Voor het Habitatrichtlijngebied gelden op grond van het bestreden besluit instandhoudingsdoelstellingen voor de natuurlijke habitats witte duinen (H2120), grijze duinen (H2130), duinheiden met strijkhei (H2150), duindoornstruwelen (H2160) en duinbossen (H2180).

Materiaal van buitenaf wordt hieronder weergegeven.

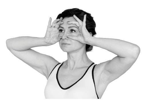 - Положите руки на лицо таким образом, чтобы они закрывали кожу под бровями, под глазами и верхнюю часть щёк;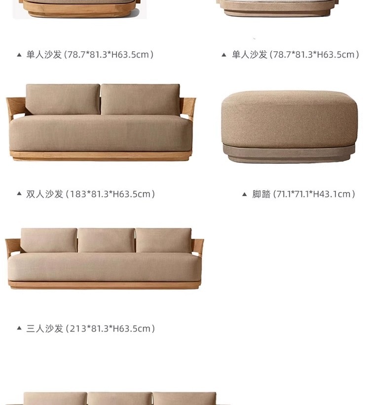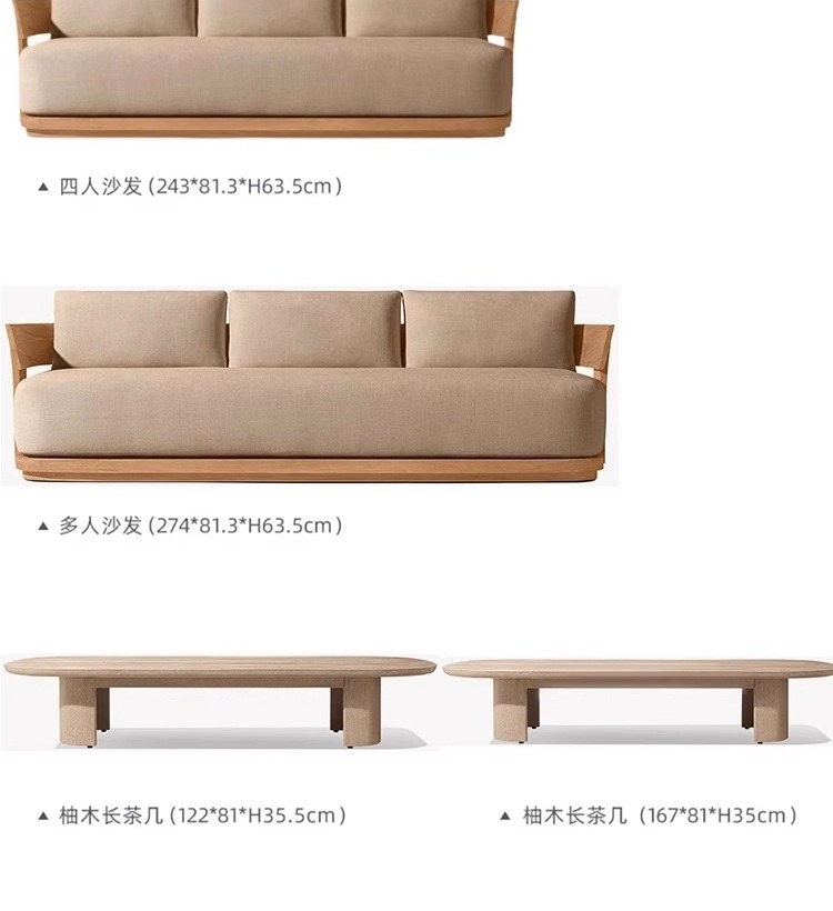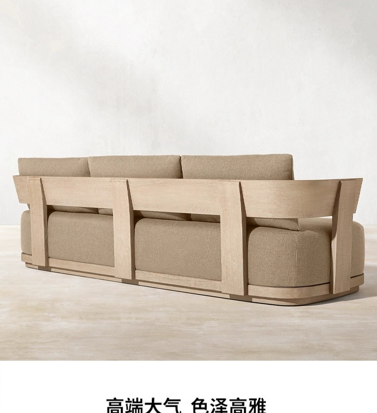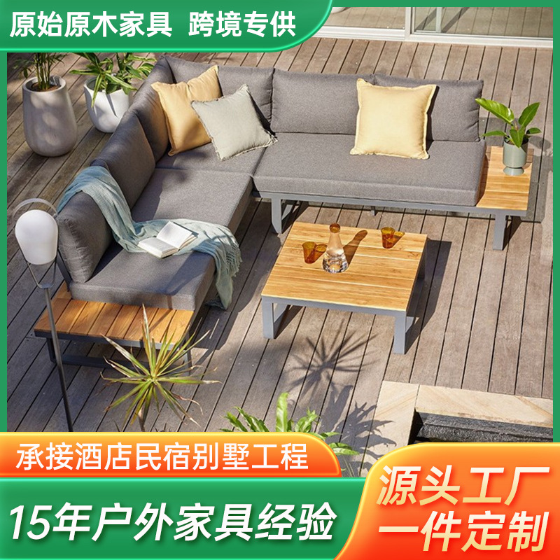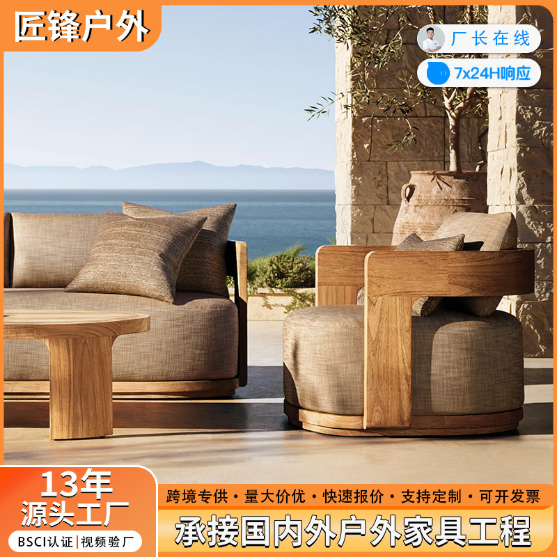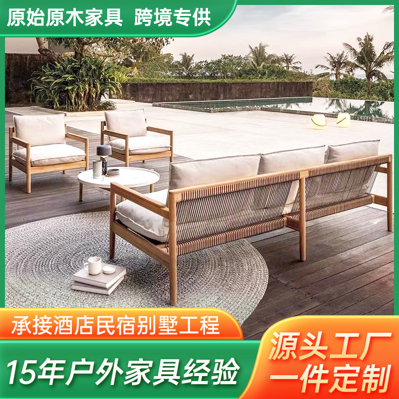 屋外チークソファ組み合わせ中庭ヴィラホテル屋外屋外防水日焼け止め無垢材レジャーソファ家具

De staatssecretaris heeft gesteld dat de natuurlijke habitats waarvoor instandhoudingsdoelstellingen gelden niet voorkomen op de in het geding zijnde strook grond, nu het gaat om een van het duingebied geïsoleerd gelegen strook grazig talud naast een woonwijk. Er bestaat geen aanleiding om dit standpunt onjuist te achten. Daarbij is van belang dat Stichting Duinbehoud niet heeft bestreden dat de genoemde natuurlijke habitats waarvoor instandhoudingsdoelstellingen gelden niet voorkomen op de strook grond. Verder geldt geen instandhoudingsdoelstelling voor de door Stichting Duinbehoud genoemde amfibieën. In zoverre heeft de staatssecretaris op goede gronden kunnen concluderen dat geen aanleiding bestaat het Habitatrichtlijngebied met de strook grond uit te breiden. Hij mocht zich op het standpunt stellen dat de naastgelegen sloot een logische begrenzing van het Habitatrichtlijngebied vormt en deze als grens van dat gebied kiezen.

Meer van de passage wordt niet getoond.